Normality test method:

  1. Shapiro-Wilk test:scipy.stats.shapiro
  2. Anderson-Darling test:scipy.stats.anderson
  3. Kolmogorov-Smirnov test:scipy.stats.kstest
  4. D'Agostino-Pearson test:scipy.stats.normaltest
  5. Lilliefors test:scipy.stats.lilliefors
     

 

When testing whether data is normally distributed, the following is a complete summary of the three major categories of normality testing methods and their representative methods:

  1. Comprehensive statistical methods:

    • Shapiro-Wilk test: Based on the W statistic, it evaluates whether the data conforms to the normal distribution and is suitable for various sample sizes.
    • D'Agostino test: combines the information of skewness and kurtosis to test whether the data conforms to the normal distribution, suitable for medium sample sizes.
    • Shapiro-Francia test: Uses the W' statistic to assess normality, especially suitable for large samples.
    • Lilliefors test: Similar to Kolmogorov-Smirnov, but suitable for small samples.
    • Ryan-Joiner test: Based on the skewness and kurtosis of the observed data, suitable for skewed and fat-tailed distributions.
  2. Goodness-of-fit test method for normal distribution:

    • Kolmogorov-Smirnov test: Evaluate the goodness of fit of the data by comparing the cumulative distribution function of the observed data with the theoretical normal distribution, suitable for large samples.
    • Anderson-Darling test: Sensitive to tail distribution, extended Kolmogorov-Smirnov, used to evaluate whether data come from a normal distribution.
    • Cramér-von Mises test: Evaluates the fit between observed data and the theoretical normal distribution, taking into account differences in all distribution regions.
    • D'Agostino's K-squared test: A variation used to test whether the data conforms to a normal distribution.
  3. Graphical representation (normal probability plot):

    • QQ plot (Quantile-Quantile): By comparing the quantiles of the observed data with the quantiles of the normal distribution, you can intuitively judge whether the data is normally distributed.
    • PP chart (Probability-Probability): similar to QQ chart, but comparing cumulative probability.
    • SP chart (Survival-Probability): It is also similar to the QQ chart, but compares the survival probability.

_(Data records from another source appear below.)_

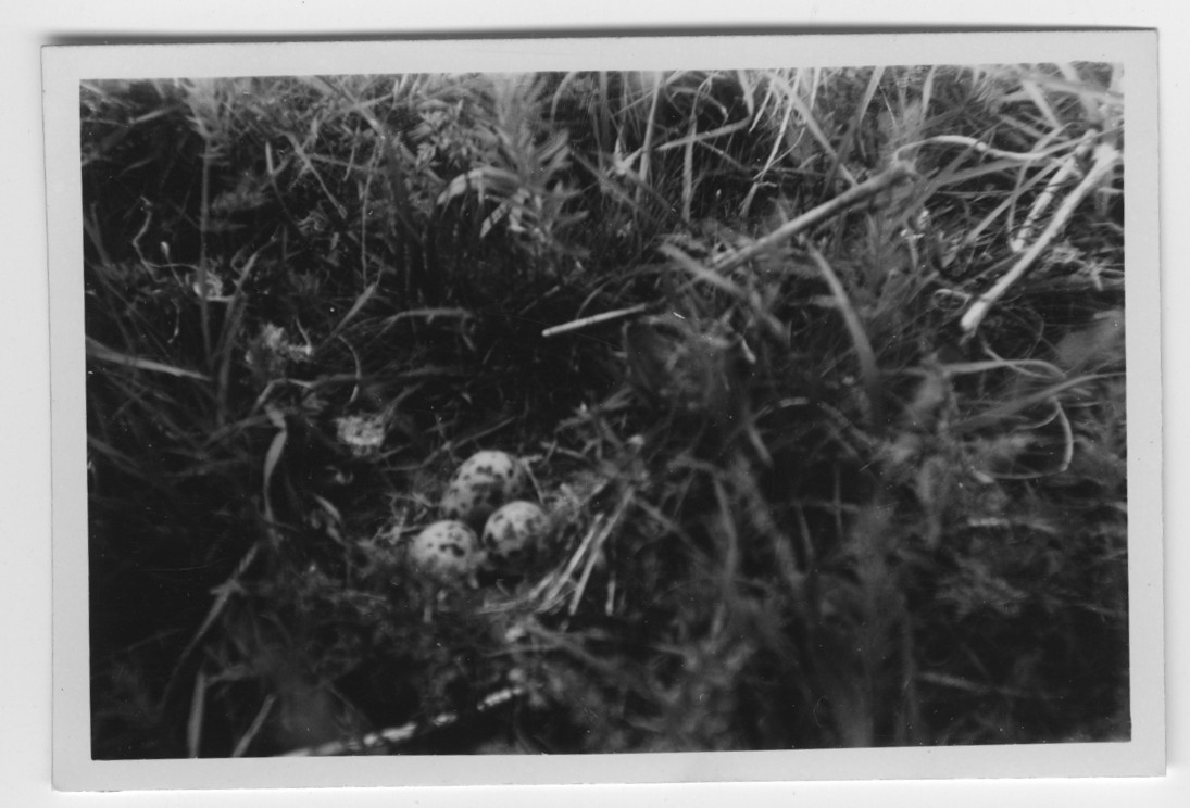 'Text enligt foto: ''Bo med 3 st ägg av fisktärna i en koloni på ungefär 30 bon intill den stora skrattmåskolonien på sydvästra udden av norra Kalvön. Fotot taget på 55 cm avstånd.'' :: :: Ingår i serie med fotonr. 4500:1-172.'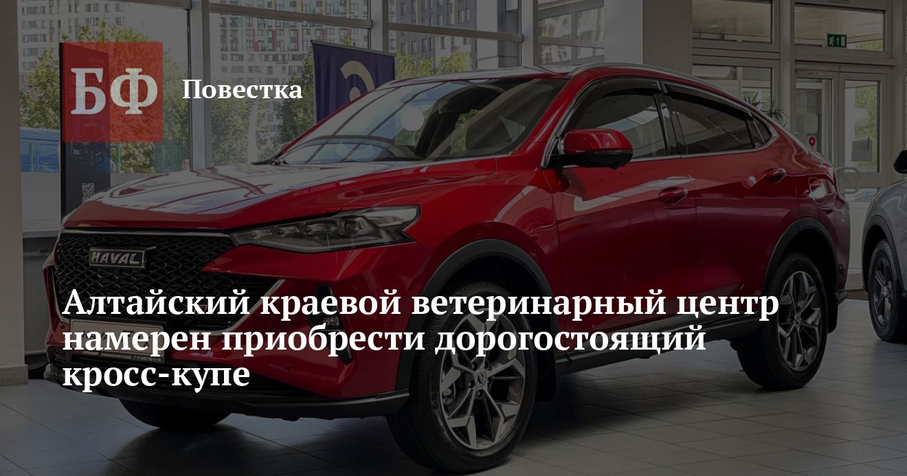 14 ноября Алтайский краевой ветеринарный центр по предупреждению и диагностике болезней животных, учредителем которого, по сведениям ЕГРЮЛ, является региональное управление ветеринарии, объявил о закупке китайского автомобиля марки HAVAL F7X или его эквивалента. Начальная цена контракта составляет 3 млн рублей. В техническом задании сказано, что машина должна быть полноприводной, не ранее 2023 года выпуска, белого или серого цвета, а также соответствовать другим обозначенным параметрам. Заявки на участие в закупках будут принимать до 22 ноября.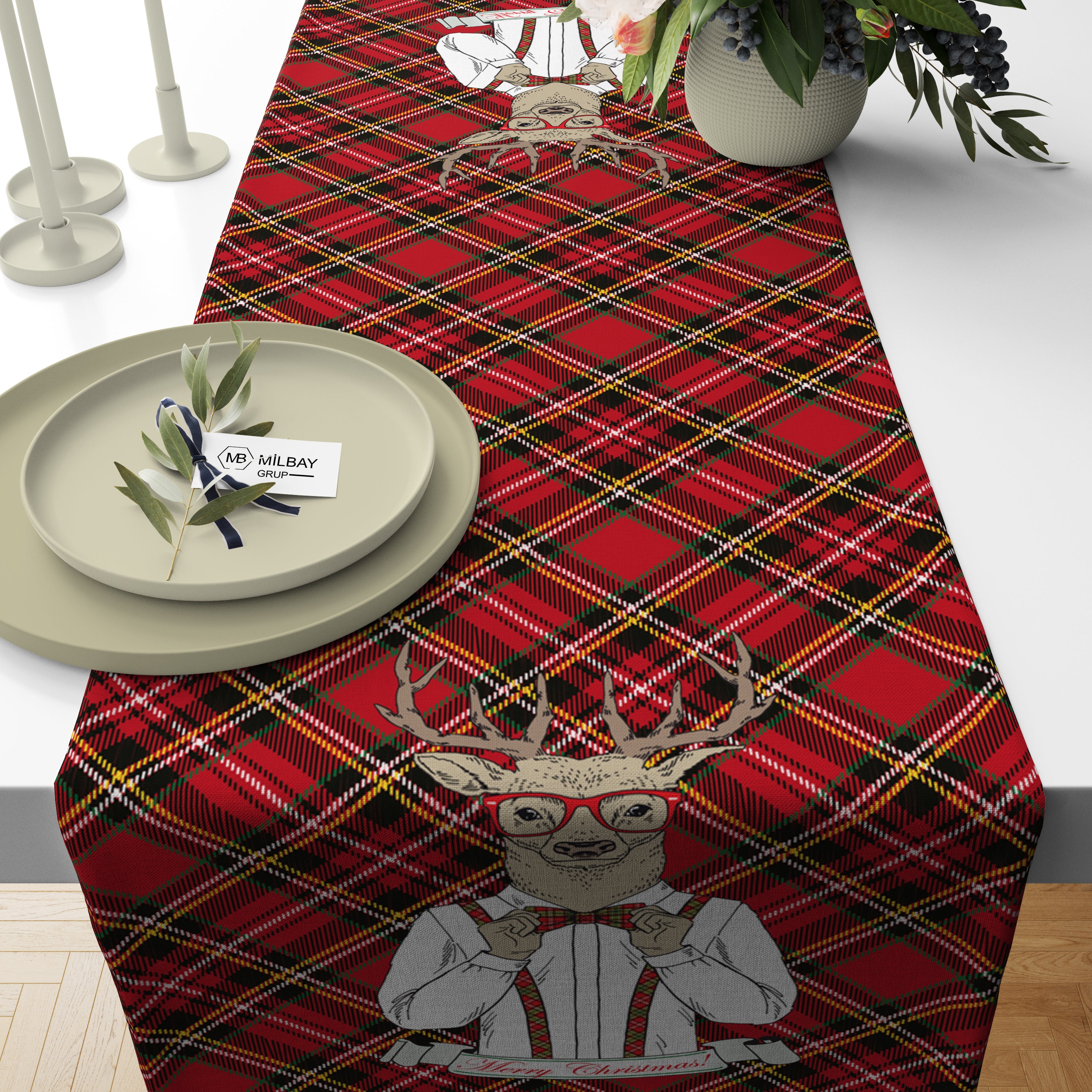 Milbay Kırmızı Ekoseli Geyik Desenli Runner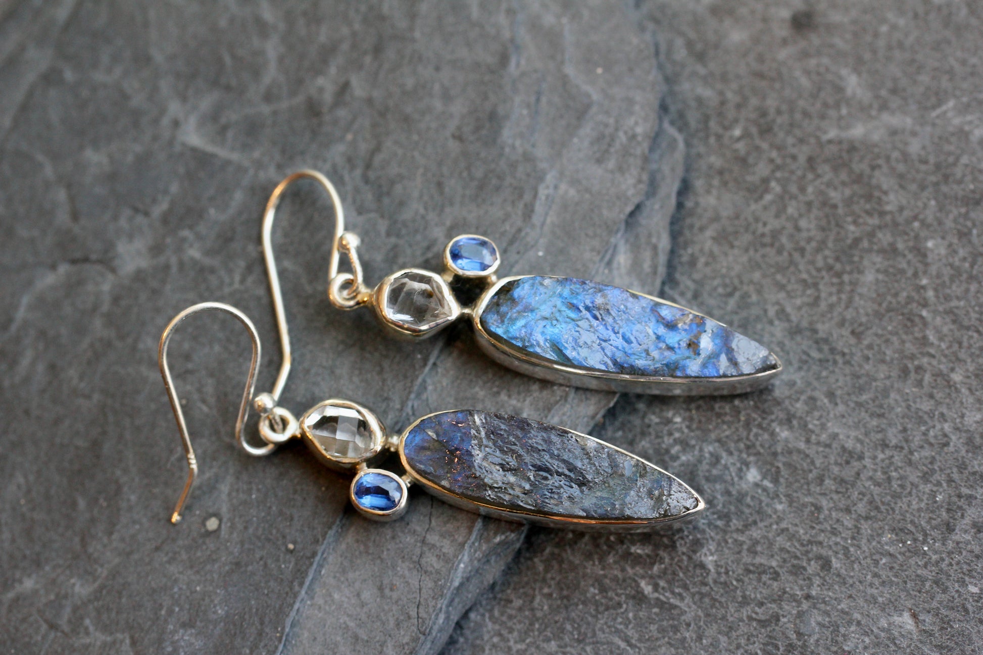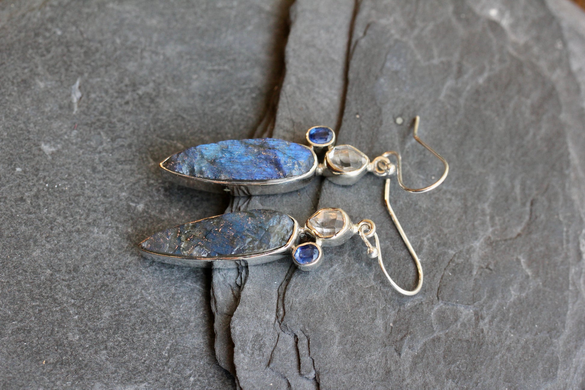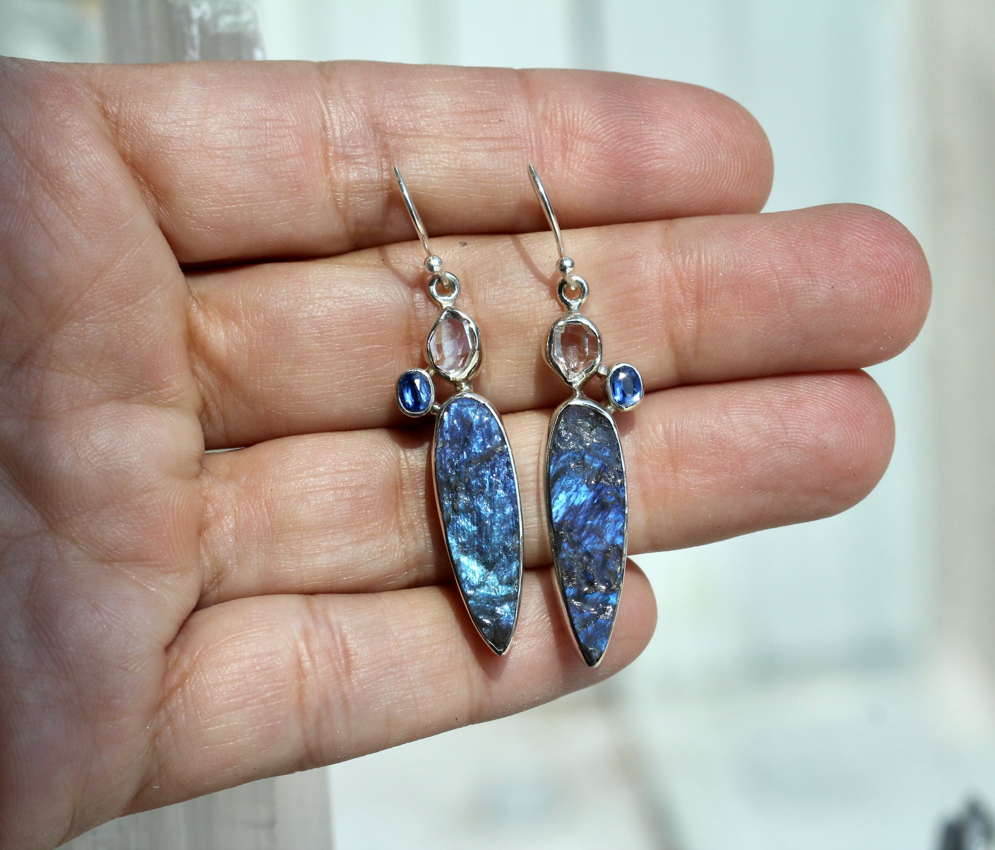These earrings feature labradorite bezel set in sterling silver. Their surface was left raw and unpolished, leaving a natural texture which is rare to see in this stone. It's accented with Herkimer Diamond crystals and faceted, blue kyanite gems. These earrings measure 8mm in width and 40mm in length. They hang from sterling silver, ear wires.

These methods provide diverse tools for comprehensively assessing whether data follow a normal distribution, but their use requires selecting an appropriate method based on sample size and data characteristics.

Hypothesis testing method:

  1. Independent samples t-test:scipy.stats.ttest_ind
  2. Paired samples t-test:scipy.stats.ttest_rel
  3. One-sample t-test:scipy.stats.ttest_1samp
  4. Analysis of Variance (ANOVA):scipy.stats.f_oneway
  5. Kruskal-Wallis test:scipy.stats.kruskal
  6. Mann-Whitney U test:scipy.stats.mannwhitneyu
  7. Wilcoxon signed rank test:scipy.stats.wilcoxon
  8. Chi-square test:scipy.stats.chisquare
  9. Fisher's exact test:scipy.stats.fisher_exact

These methods cover normality testing and hypothesis testing techniques commonly used in statistical analysis. You can choose the appropriate method for your analysis based on your specific data and research questions. Each method has different assumptions and prerequisites , so careful consideration is needed when using them.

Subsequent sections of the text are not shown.